Task: Could you retype the records below exactly as they appear, skipping any pictures?

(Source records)
----------
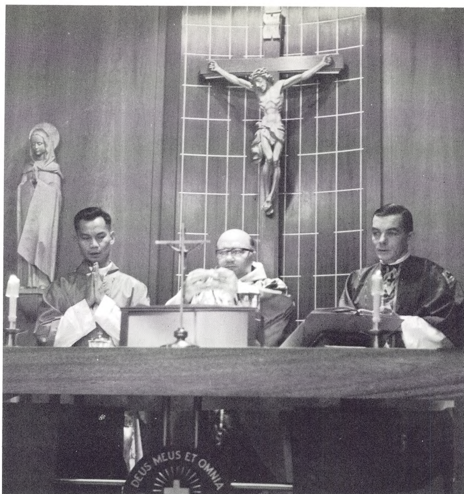
The year was not without its serious moments . . .
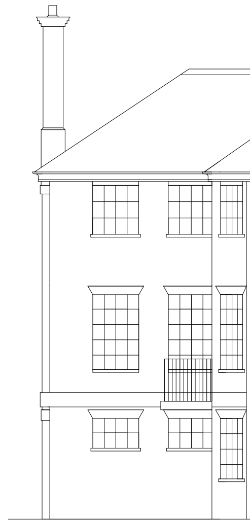
EXISTING REAR/SIDE ELEVATION
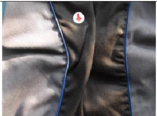
Side seam hiking
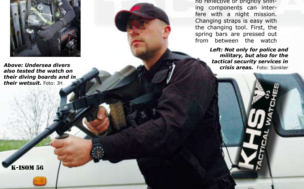
Left: Not only for police and military, but also for the tactical security services in crisis areas.

with regular care. The diver strap, is plastic and very well-made, comfortable to wear and, as indicated by its name, especially suitable for maritime applications. Even if you begin to sweat when the temperature exceeds 40 ° C and there is 90% humidity in summer on the shooting range in the U.S., it does not feel uncomfortable on the skin. However, it could take slightly longer to be able to pull it over the gloves (for diving). After only four months of wear, some natural dirt gathered on the bottom in the grooves of the strap. With a little care, this is again not a major problem. Conclusion: The best available strap from KHS for military and tactical use! Highly recommended. Finally, special mention goes to the fact that KHS TACTICAL WATCHES do not use any silver metallic reflective clasps like most manufacturers of tactical watches do. Rather, all of the straps use non-reflective black coated strap clasps. This reinforces the tactical advantage of the already-mentioned black housing immensely because no reflective or brightly shining components can interfere with a night mission. Changing straps is easy with the changing tool. First, the spring bars are pressed out from between the watch
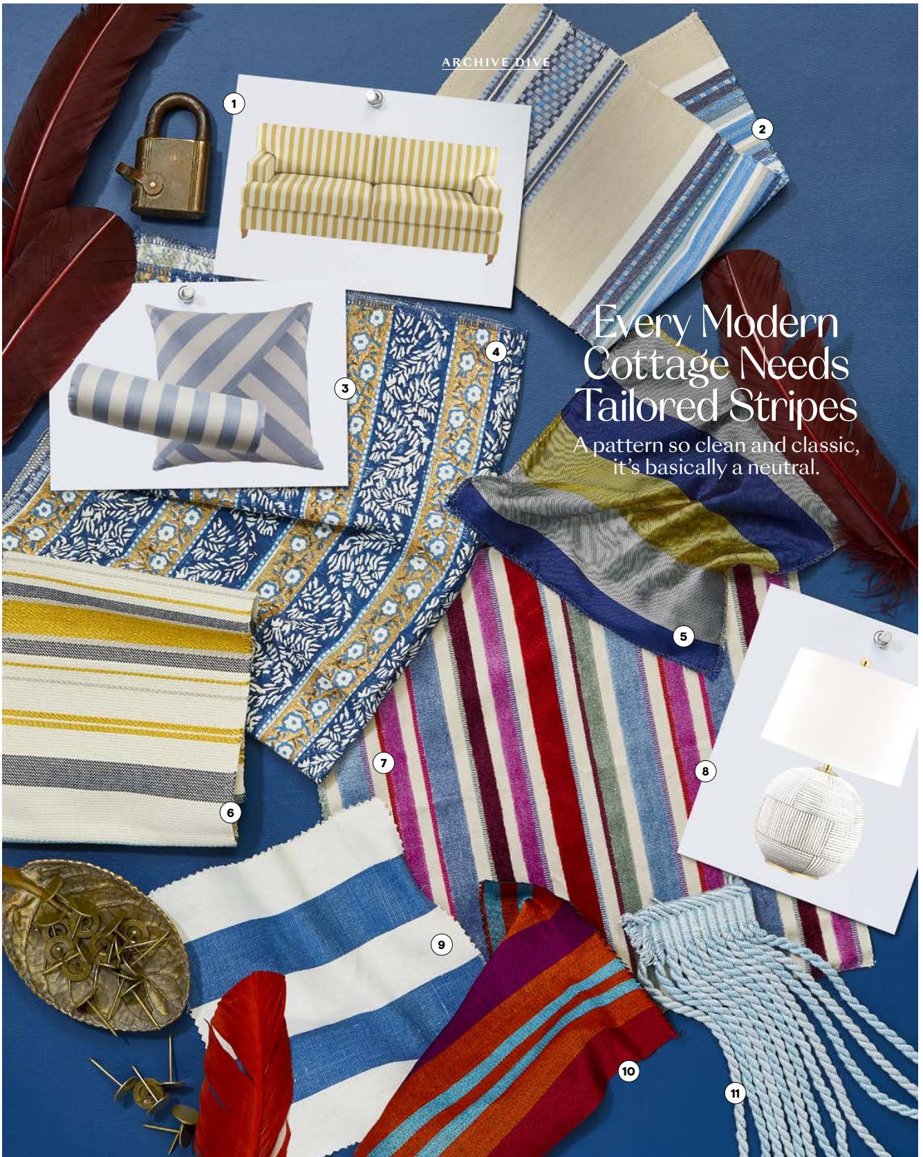
1. Classic sofa in Citrine Cabana Stripe, $2,190. theinside.com 2. Cyrus Cotton Stripe in Chambray. scalamandre.com 3. Halo indoor/outdoor pillows in Chambray T-Stripe by Wendy Jane Performance Pillows, $147 to $214. gabbyhome.com 4. Otto Blue. tulutextiles.com 5. Herat. clarelouisefrosts.com 6. Dobby Stripe in Dijon by Sanderson. zoffany.com 7. Hema in Cardinal by Manuel Canovas. cowtan.com 8. Laurel table lamp, $590. hudsonvalleylighting.hvlgroup.com 9. French Stripe in blue, $150 per yd. bassetmtnab.com 10. Kabul. clarelouisefrosts.com 11. Loire bullion fringe in Wedgewood. samuelandsons.com

A pattern so clean and classic, it's basically a neutral.
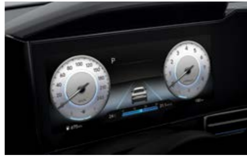
Cluster (10.25-inch color LCD)
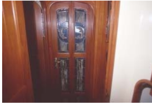
Dolphin doors to shower
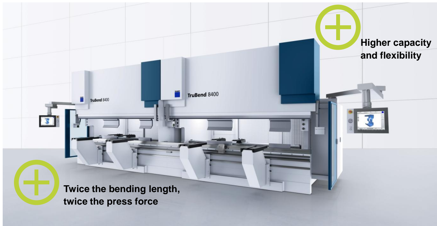
TruBend Series 8000 in tandem installation

Machines of the TruBend Series 8000 fulfill your requirements for precise production, versatility, high open height and a press force of more than 1,000 t. Bend oversized parts effortlessly, with two machines in tandem operation you can achieve bending lengths of up to 16 m. Different functions, such as the automatic crowning or the flexible lower tool displacement, enable optimal results also with oversized formats.
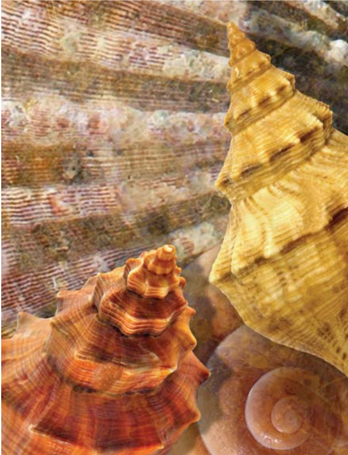
HARMONY IN COLOR ▶ image size 34" x 26"
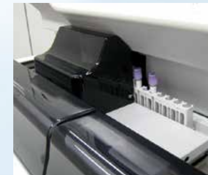
Enhanced workflow with an integrated smear preparation and cell-pre-classification unit based on user-defined rules and conditions
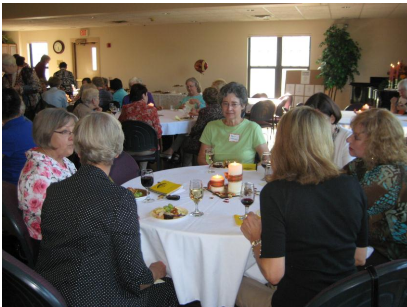
Food and fellowship at the Fall Opener
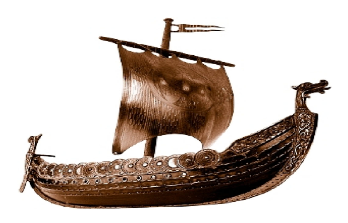
Progress of Thier Excellencies of Blatha an Oir:
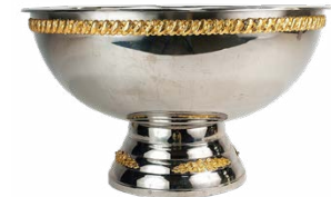
100 Cup gold trim punch bowl 23.00
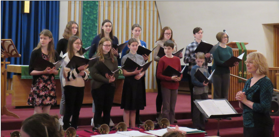
Valley Youth Group sings during Youth Sunday.
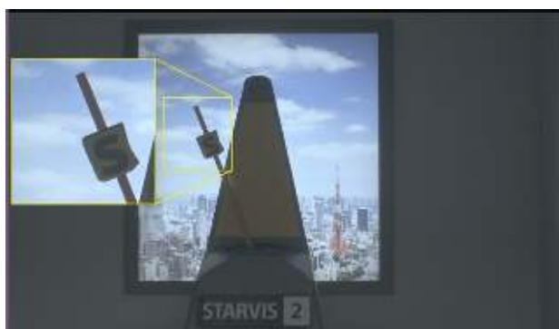
IMX662: Clear HDR
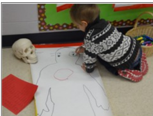
I can represent parts of my body on paper.

I can identify different parts of the body.
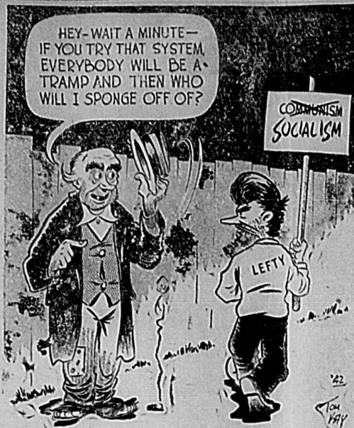
Even the Hobo Can't Be Fooled!
----------
Solution to this task:
The year was not without its serious moments . . .
EXISTING REAR/SIDE ELEVATION
Side seam hiking
Left: Not only for police and military, but also for the tactical security services in crisis areas.

with regular care. The diver strap, is plastic and very well-made, comfortable to wear and, as indicated by its name, especially suitable for maritime applications. Even if you begin to sweat when the temperature exceeds 40 ° C and there is 90% humidity in summer on the shooting range in the U.S., it does not feel uncomfortable on the skin. However, it could take slightly longer to be able to pull it over the gloves (for diving). After only four months of wear, some natural dirt gathered on the bottom in the grooves of the strap. With a little care, this is again not a major problem. Conclusion: The best available strap from KHS for military and tactical use! Highly recommended. Finally, special mention goes to the fact that KHS TACTICAL WATCHES do not use any silver metallic reflective clasps like most manufacturers of tactical watches do. Rather, all of the straps use non-reflective black coated strap clasps. This reinforces the tactical advantage of the already-mentioned black housing immensely because no reflective or brightly shining components can interfere with a night mission. Changing straps is easy with the changing tool. First, the spring bars are pressed out from between the watch
1. Classic sofa in Citrine Cabana Stripe, $2,190. theinside.com 2. Cyrus Cotton Stripe in Chambray. scalamandre.com 3. Halo indoor/outdoor pillows in Chambray T-Stripe by Wendy Jane Performance Pillows, $147 to $214. gabbyhome.com 4. Otto Blue. tulutextiles.com 5. Herat. clarelouisefrosts.com 6. Dobby Stripe in Dijon by Sanderson. zoffany.com 7. Hema in Cardinal by Manuel Canovas. cowtan.com 8. Laurel table lamp, $590. hudsonvalleylighting.hvlgroup.com 9. French Stripe in blue, $150 per yd. bassetmtnab.com 10. Kabul. clarelouisefrosts.com 11. Loire bullion fringe in Wedgewood. samuelandsons.com

A pattern so clean and classic, it's basically a neutral.
Cluster (10.25-inch color LCD)
Dolphin doors to shower
TruBend Series 8000 in tandem installation

Machines of the TruBend Series 8000 fulfill your requirements for precise production, versatility, high open height and a press force of more than 1,000 t. Bend oversized parts effortlessly, with two machines in tandem operation you can achieve bending lengths of up to 16 m. Different functions, such as the automatic crowning or the flexible lower tool displacement, enable optimal results also with oversized formats.
HARMONY IN COLOR ▶ image size 34" x 26"
Enhanced workflow with an integrated smear preparation and cell-pre-classification unit based on user-defined rules and conditions
Food and fellowship at the Fall Opener
Progress of Thier Excellencies of Blatha an Oir:
100 Cup gold trim punch bowl 23.00
Valley Youth Group sings during Youth Sunday.
IMX662: Clear HDR
I can represent parts of my body on paper.

I can identify different parts of the body.
Even the Hobo Can't Be Fooled!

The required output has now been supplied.